Excerpted data:
........

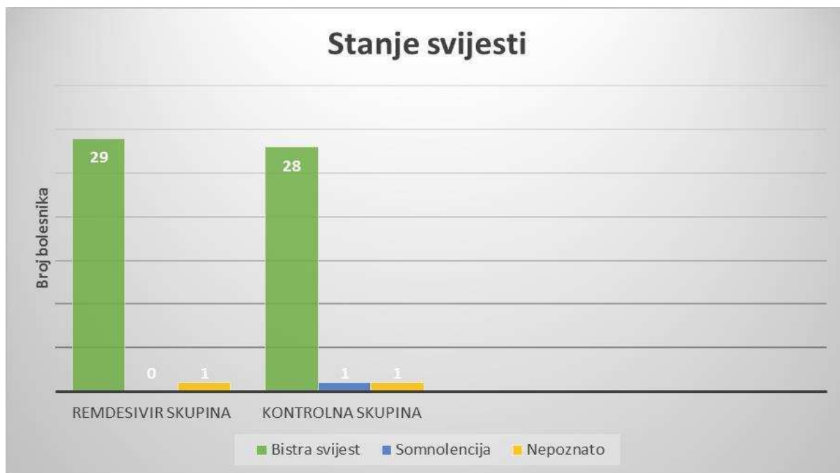
Slika 2. Prikaz stanja svijesti na hitnom infektološkom prijemu u 60 bolesnika liječenih na Klinici za infektologiju KBC-a Split zbog infekcije SARS-CoV-2 virusom u razdoblju od 1. sivbnja 2020. do 31. prosinca 2020.

Pri prvom pregledu na hitnom infektološkom prijemu, u remdesivir skupini 29 bolesnika je bilo bistre svijesti, za jednog bolesnika stanje svijesti nije poznato. U kontrolnoj skupini 28 bolesnika je bilo bistre svijesti, jedan je bolesnik bio somnolentan, a za jednog bolesnika stanje svijesti nije poznato (Slika 2).
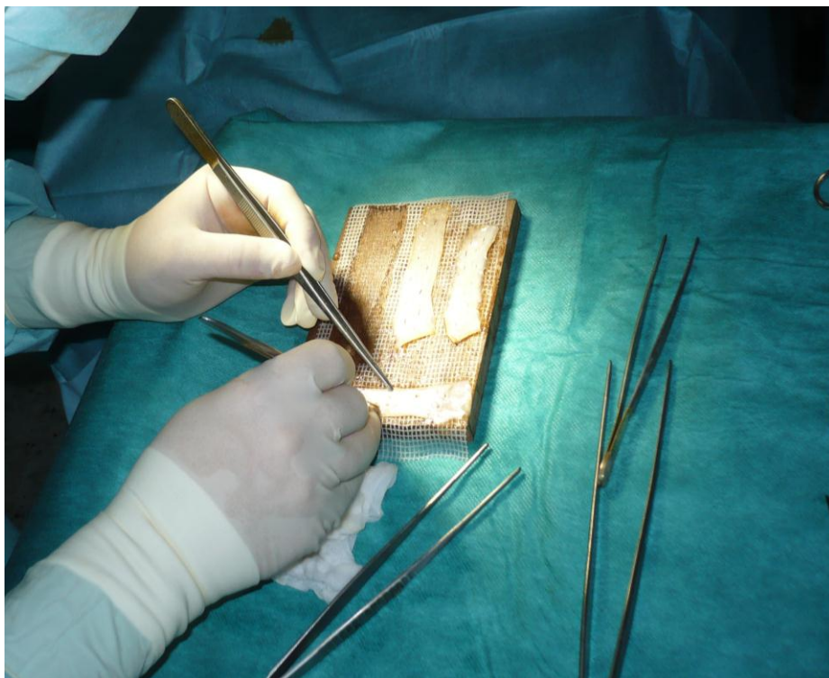
Slika 3.2.4. Thiersch transplantati
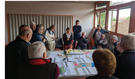
Visite de site et travail en ateliers
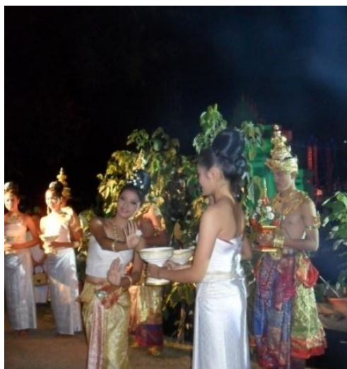
การแสดงประกอบขณะเก็บดอกฝ้าย
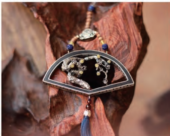
-Título:Jiangnan Fu- Ciruelo en invierno 作品名称: 江南赋—雪夜冬梅 -Fecha:2014 作品创作年代: 2014年 -Técnica o tipo:Joya de metal 技法或作品类型: 金工首饰
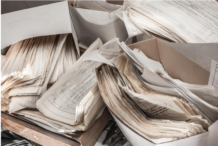
Abbildung: Chaos
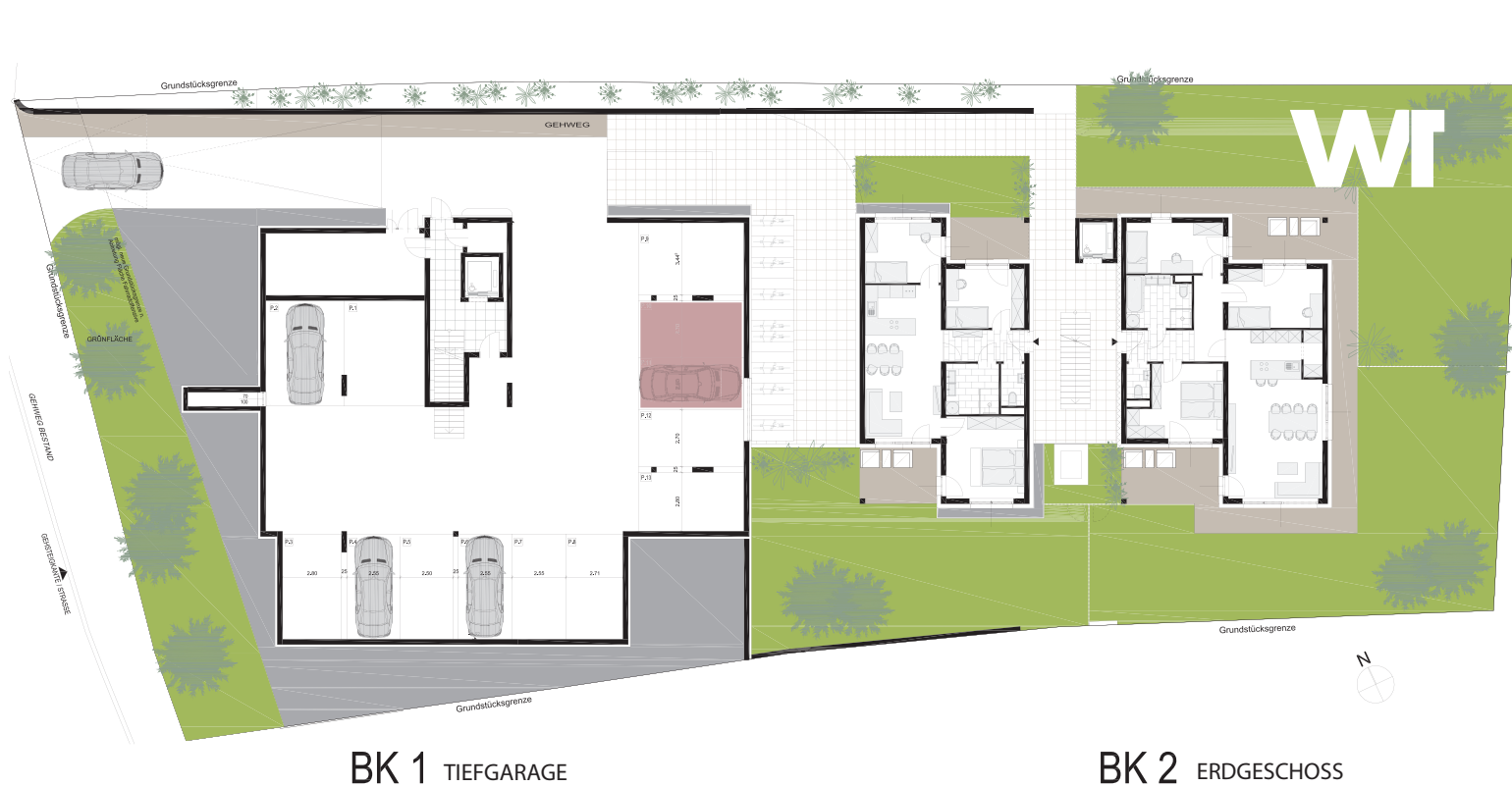
BK 1 TIEFGARAGE

........

Exercise details:
Take the line containing "การแสดงประกอบขณะเก็บดอกฝ้าย" and every line after it up to the end of the data, and write them out exactly, without the pictures.

Exercise answer:
การแสดงประกอบขณะเก็บดอกฝ้าย
-Título:Jiangnan Fu- Ciruelo en invierno 作品名称: 江南赋—雪夜冬梅 -Fecha:2014 作品创作年代: 2014年 -Técnica o tipo:Joya de metal 技法或作品类型: 金工首饰
Abbildung: Chaos
BK 1 TIEFGARAGE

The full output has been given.